A Centrifugal Pendulum is a rotating regulator in which a mass swings on a pivot or arm while orbiting a vertical shaft, so centripetal force — not gravity alone — governs its period. The orbiting bob is the key component: as shaft speed rises, the bob lifts to a larger radius and the system finds a stable cone angle that locks rotation rate to a fixed frequency. We use it to smooth shaft speed in clocks, engines and turbine drivetrains, replacing the tick-tock impulse of an escapement with continuous silent rotation. A well-built unit holds shaft speed within ±0.5% across normal load swings.
Centrifugal Pendulum Interactive Calculator
Vary cone height, arm length, bob mass, and gravity to see the pendulum period, governing speed, cone angle, and centripetal load.
Equation Used
The governing period depends on cone height h and gravity g: shorter h gives a faster regulating speed. Arm length L sets the displayed cone angle and orbit radius, while bob mass m scales the centripetal force but not the period.
FIRGELLI Automations - Interactive Mechanism Calculators.
- Rigid arm or cord with negligible pivot friction.
- Stable conical motion with constant vertical cone height h.
- Bob mass does not affect period, but it affects centripetal force.
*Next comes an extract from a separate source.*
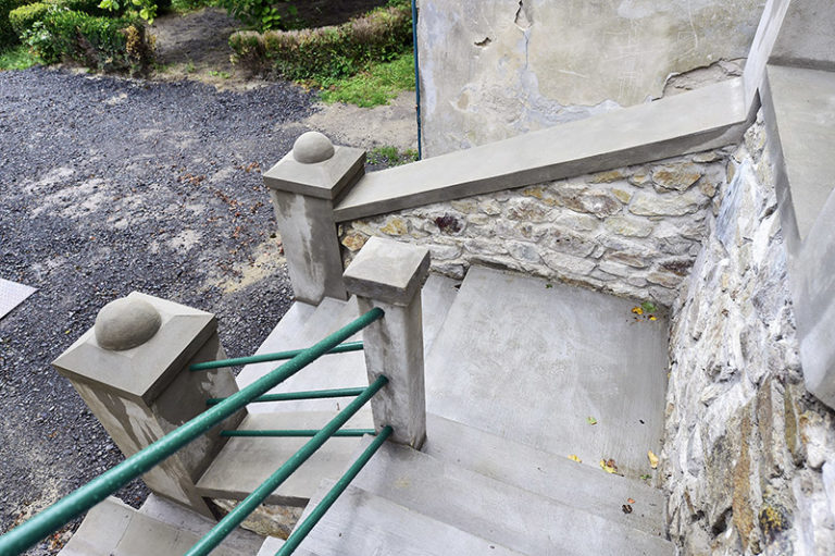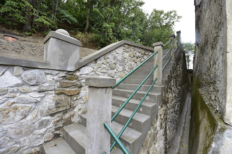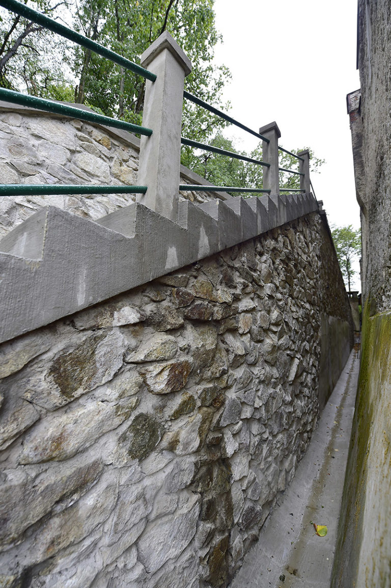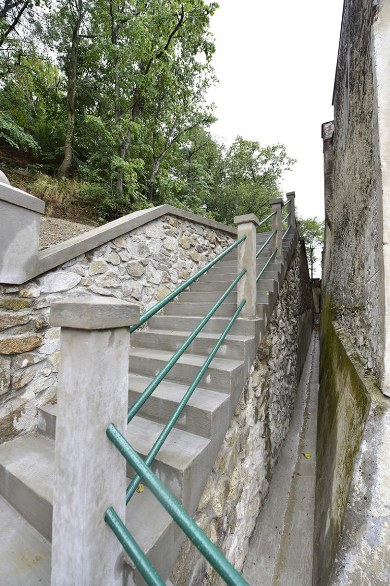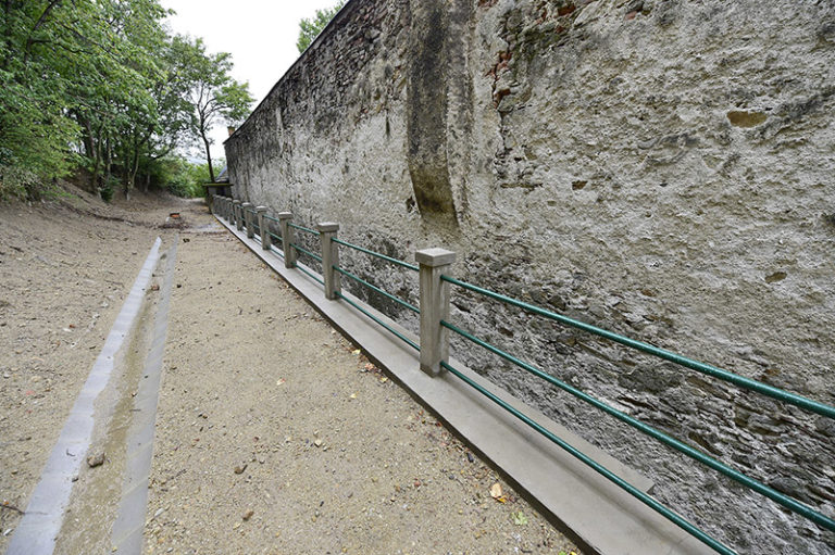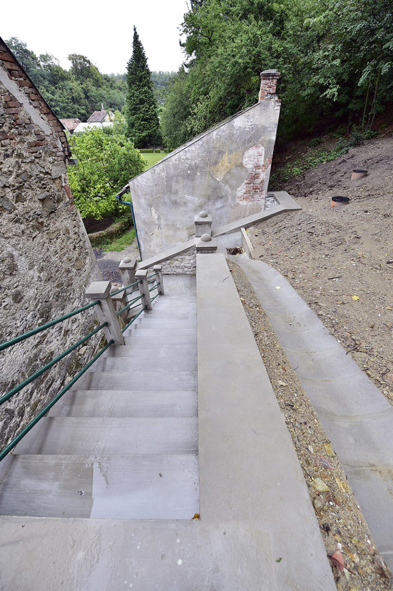 Postupná rekonštrukcia Národnej kultúrnej pamiatky – Kaštieľa v Modre, ktorý je sídlom Malokarpatského osvetového strediska. Prvým krokom bola oprava oporného múru v areáli záhrady kaštieľa, ktorý bol ohrozovaný najmä zosuvom pôdy a koreňovým systémom stromov. Vzhľadom na kultúrnu hodnotu a pamiatkovú zónu, ostal zachovaný pôvodný tvar aj rozmery stáročného schodiska. Bratislava, 28. júl 2017. Foto: SITA/BSK

- Geometry output clamps h/L to a physical range for display.
The Centrifugal Pendulum in Action
A Centrifugal Pendulum is a conical pendulum forced to rotate around a vertical axis. The bob doesn't swing back and forth — it orbits. Gravity pulls the mass straight down, centripetal force pulls it inward toward the shaft, and the resultant tension in the suspension arm sets a cone half-angle θ. Increase the shaft speed and the bob flies outward, lifting into a wider cone. Slow the shaft and the bob drops back. The geometry self-balances at one specific ω for any given height of the cone — that's the regulating action.
The period depends only on the vertical height h of the cone, not on the bob mass and not directly on the arm length. T = 2π × √(h / g). That's the same isochronous trick a normal pendulum uses, just rotated 90°. If you machine the suspension pivot sloppy — say more than 0.02 mm radial play in a small horological build — the bob wobbles off-axis, h fluctuates and the rate drifts. If the arm flexes under centripetal load, h shortens dynamically as speed rises, and the regulator becomes non-isochronous: it speeds up under load instead of holding rate. That's the failure mode behind most botched rotary-clock builds.
In engine and powertrain use the same physics drives a centrifugal governor — Watt's flyball governor on a steam engine, or the modern centrifugal pendulum absorber bolted to a dual-mass flywheel in a downsized turbocharged engine. The bob's natural frequency tracks shaft speed, so it cancels torsional vibration at every RPM, not just one tuned resonance. That order-tuned behaviour is why every major automaker now puts pendulum absorbers in their CVT and dry-clutch drivetrains.
Key Components
- Orbiting Bob: The mass that traces the cone. Typical horological bobs run 50–500 g; automotive pendulum-absorber masses run 200–800 g per pair. Mass cancels out of the period equation but sets the energy storage, so a heavier bob resists short-term load disturbances more strongly.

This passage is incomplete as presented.